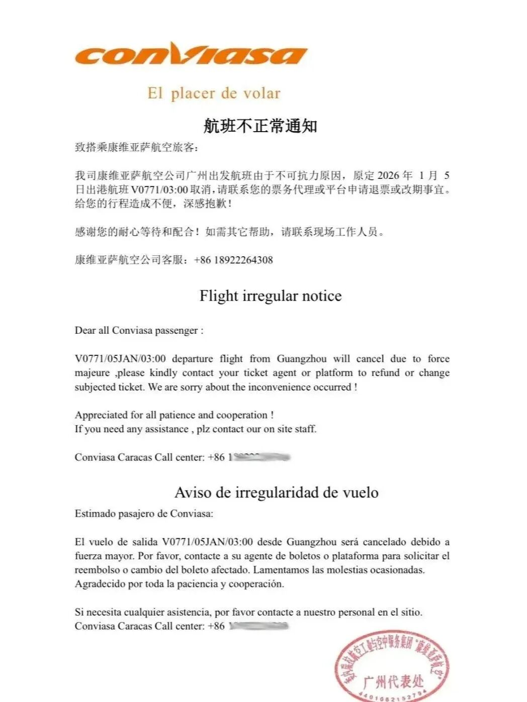 几小时后,更多细节浮出水面,该航司发布通知,原定于1月5日凌晨起飞的广州至加拉加斯航班取消,可以全额退票或改签。
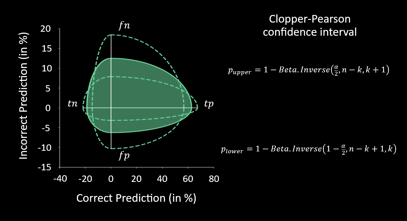 An interesting property of the CM is that it consists of two independent samples, each following a Binomial distribution: True / False (or 0 / 1). And for each distribution, we can estimate the confidence interval (like the Clopper-Pearson interval shown in the figure).
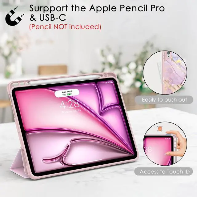 [Designed for iPad Air 11/ 10.9 inch M3 M2] - Exclusively designed for iPad Air 11 Inch M3/M2 2025-2024 (A3266 A3267 A3270; A2902 A2903 A2904), iPad Air 5th Generation 2022 (A2589 A2591 A2588), iPad Air 4th Generation 2020 (A2316 A2324 A2325 A2072) ^^ [Designed for your Apple Pencil] - Built-in pencil holder, conveniently place and remove your pencil, no longer worry about losing or breaking. Keeping your pencil for the iPad Air 11" M3 M2, iPad Air 5/4 gen safely all the time. (Pencil is Not included) ^^ [Designed for Full Protection] - This Case for iPad Air 11 inch/ iPad Air 5/4th Generation is made of durable PU leather exterior & soft microfiber lining & flexible TPU back shell provide full protection against fingerprints, shocks, bumps and scratches ^^ [Designed for Auto Sleep/Wake] - Inner magnetic strip, easy snap on and off, can ensure the auto sleep/wake function engages quickly every time.
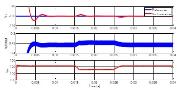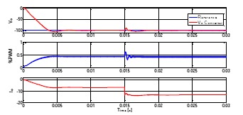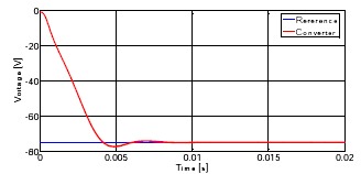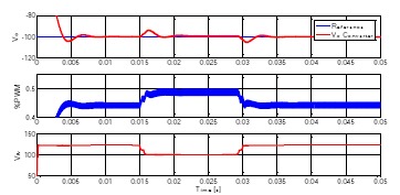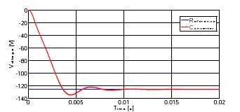 En la Figura 8 se observa la respuesta del convertidor ante una referencia de −125𝑉𝐷𝐶 donde se presenta un sobrepaso cercano al 8%, y un tiempo de establecimiento inferior a 8 𝑚𝑠, lo que implica que a pesar del cambio del punto de operación del convertidor el controlador mantiene buenos índices de desempeño.

+ + + +

Exercise prompt: Reproduce the material in full, word for word, and omit the pictures.

Task answer:
 几小时后,更多细节浮出水面,该航司发布通知,原定于1月5日凌晨起飞的广州至加拉加斯航班取消,可以全额退票或改签。
 An interesting property of the CM is that it consists of two independent samples, each following a Binomial distribution: True / False (or 0 / 1). And for each distribution, we can estimate the confidence interval (like the Clopper-Pearson interval shown in the figure).
 [Designed for iPad Air 11/ 10.9 inch M3 M2] - Exclusively designed for iPad Air 11 Inch M3/M2 2025-2024 (A3266 A3267 A3270; A2902 A2903 A2904), iPad Air 5th Generation 2022 (A2589 A2591 A2588), iPad Air 4th Generation 2020 (A2316 A2324 A2325 A2072) ^^ [Designed for your Apple Pencil] - Built-in pencil holder, conveniently place and remove your pencil, no longer worry about losing or breaking. Keeping your pencil for the iPad Air 11" M3 M2, iPad Air 5/4 gen safely all the time. (Pencil is Not included) ^^ [Designed for Full Protection] - This Case for iPad Air 11 inch/ iPad Air 5/4th Generation is made of durable PU leather exterior & soft microfiber lining & flexible TPU back shell provide full protection against fingerprints, shocks, bumps and scratches ^^ [Designed for Auto Sleep/Wake] - Inner magnetic strip, easy snap on and off, can ensure the auto sleep/wake function engages quickly every time.
 En la Figura 8 se observa la respuesta del convertidor ante una referencia de −125𝑉𝐷𝐶 donde se presenta un sobrepaso cercano al 8%, y un tiempo de establecimiento inferior a 8 𝑚𝑠, lo que implica que a pesar del cambio del punto de operación del convertidor el controlador mantiene buenos índices de desempeño.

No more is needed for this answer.